What’s New In Data is a data thought leadership series hosted by John Kutay who leads data and products at Striim. What’s New In Data hosts industry practitioners to discuss latest trends, common patterns for real world data patterns, and analytics success stories.

Accelerating SQL Server Data Replication with SQL2Fabric-X

Striim augments SQL2Fabric – Mirroring to additionally replicate real-time data to Azure Databricks and Microsoft Fabric Data Warehouse

For years, SQL Server has been a cornerstone for enterprise data management, but moving that data in real time to modern cloud platforms has often been complex, slow, and operationally intrusive.

But real-time data movement for replication, mirroring, or analytics shouldn’t be a bottleneck—it should be an enabler. That’s why we’re excited to announce the general availability of SQL2Fabric-X, a purpose-built managed service designed to simplify and accelerate SQL Server data replication into the Microsoft ecosystem for delivering AI and BI solutions.

With SQL2Fabric-X, organizations can seamlessly replicate their SQL Server databases and tables to Microsoft Fabric Mirrored database, Microsoft Fabric Data Warehouse, and Azure Databricks. This means data teams can shift from batch-oriented processes to real-time insights, enabling more agile decision-making and unlocking new state-of-the-art AI and analytics use cases.

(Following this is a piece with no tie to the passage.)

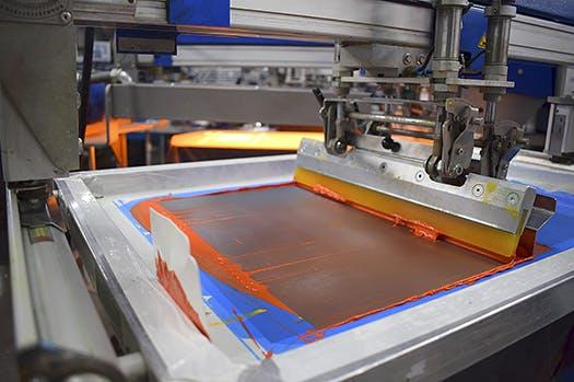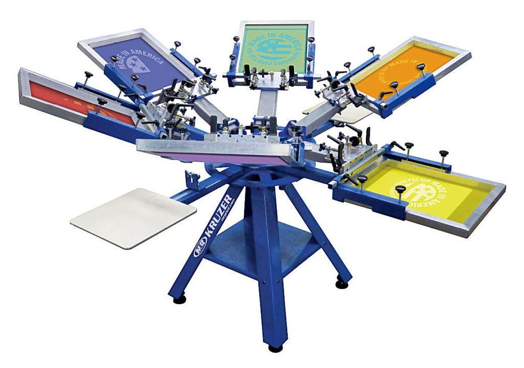 Typical cost for an entry-level auto screen printing press is $34,000 and might produce 500 prints/hour with two employees.

Transforming How Businesses Move and Use SQL Server Data

Data is only as valuable as the speed at which it can be accessed, analyzed, and acted upon. Historically, organizations have struggled with managing ETL pipelines that introduce complexity, latency, operational overhead, and the risk of data inconsistency. SQL2Fabric-X eliminates these challenges by offering the highest performance, lowest-latency streaming approach that aligns with modern cloud-first strategies.

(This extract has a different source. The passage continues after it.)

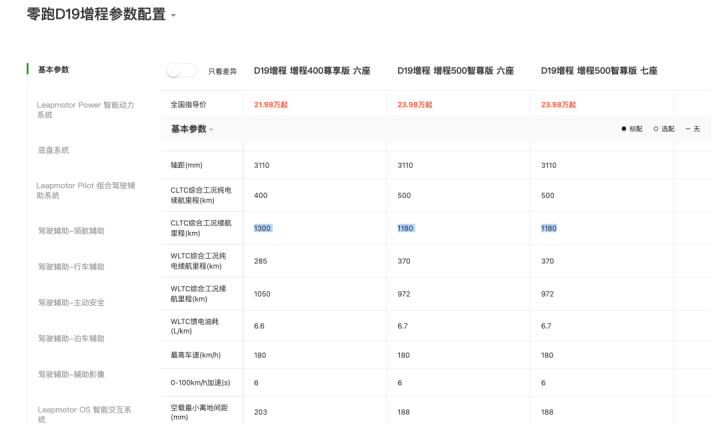 也可能是这样的原因,我看到零跑D19无论是入门还是顶配,很多指标都保持一致。即便最便宜的增程400尊享版,也有CDC悬架、激光雷达和高通8797芯片。

With this launch, businesses no longer have to choose between flexibility and simplicity. SQL2Fabric-X provides:

  • Near Real-Time Replication – Keep data fresh across cloud environments, eliminating reliance on outdated snapshots and batch processing.
  • Operational Resilience – Automated failover and consistency mechanisms ensure high availability and accuracy, reducing downtime risks.
  • Broad Workload Compatibility – Replicate data to Microsoft Fabric Mirrored database, Fabric Data Warehouse, and/or Azure Databricks to support analytics, reporting, and AI-driven workloads.
  • Optimized Performance – Designed for high-throughput workloads, reducing the time it takes to move and process data for business-critical applications.

“At Ignite in Nov 2024, we jointly announced our strategic partnership on Open mirroring with Microsoft by launching a public preview of a simple low cost, low latency solution to mirror on premise SQL Server data,”  said Alok Pareek, co-founder and EVP of Products at Engineering at Striim. “ We were the first partner to announce that, and now we are delighted to offer broader, flexible capabilities in this GA service with great feedback from early customers who expressed an interest in unlocking on-premise SQL Server data for Azure Databricks in addition to Mirroring.”

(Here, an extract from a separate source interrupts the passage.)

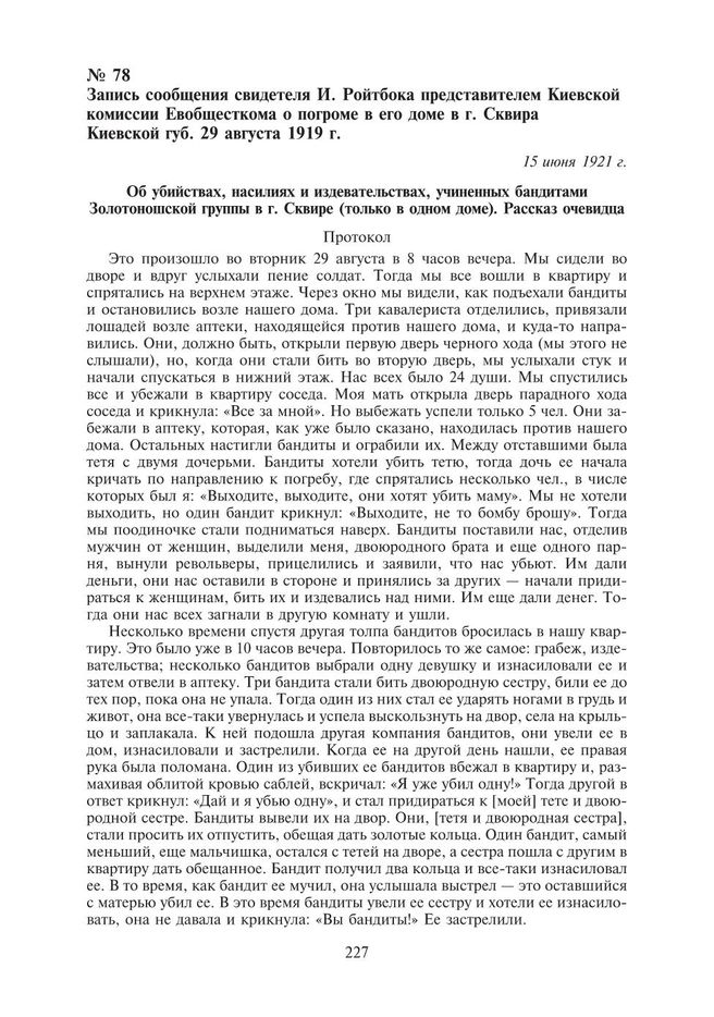 Запись сообщения свидетеля И. Ройтбока представителем Киевской комиссии Евобщесткома о погроме в его доме в г. Сквира Киевской губ. 29 августа 1919 г. 15 июня 1921 г. : Об убийствах, насилиях и издевательствах, учиненных бандитами Золотоношской группы в г. Сквире (только в одном доме). Рассказ очевидца // ГА РФ. Ф. Р-1339. Оп. 1. Д. 433. Л. 40–40 об. Копия.

Make Smarter, Faster Decisions with SQL2Fabric-X

SQL2Fabric-X isn’t just about moving data—it’s about removing friction in decision-making. By enabling real-time, event-driven pipelines, companies in all industries can shift from reactive analytics to proactive intelligence, ensuring that operational and analytical systems are always working with the freshest insights.

Take customer 360 initiatives as an example: Instead of waiting for daily ETL jobs to update customer data, businesses can have real-time visibility into purchases, support interactions, and engagement, making personalization and service improvements instantaneous. Similarly, finance and operations teams can leverage real-time reporting, ensuring that inventory levels, pricing models, and risk assessments are dynamically adjusted to current market conditions.

The Next Step in Microsoft Fabric’s Evolution

SQL2Fabric-X is a strategic enabler for Microsoft Fabric customers. By offering direct, native integration, it expands the capabilities of Microsoft Fabric, allowing organizations to maximize their investment in Microsoft’s ecosystem while reducing data silos and improving accessibility.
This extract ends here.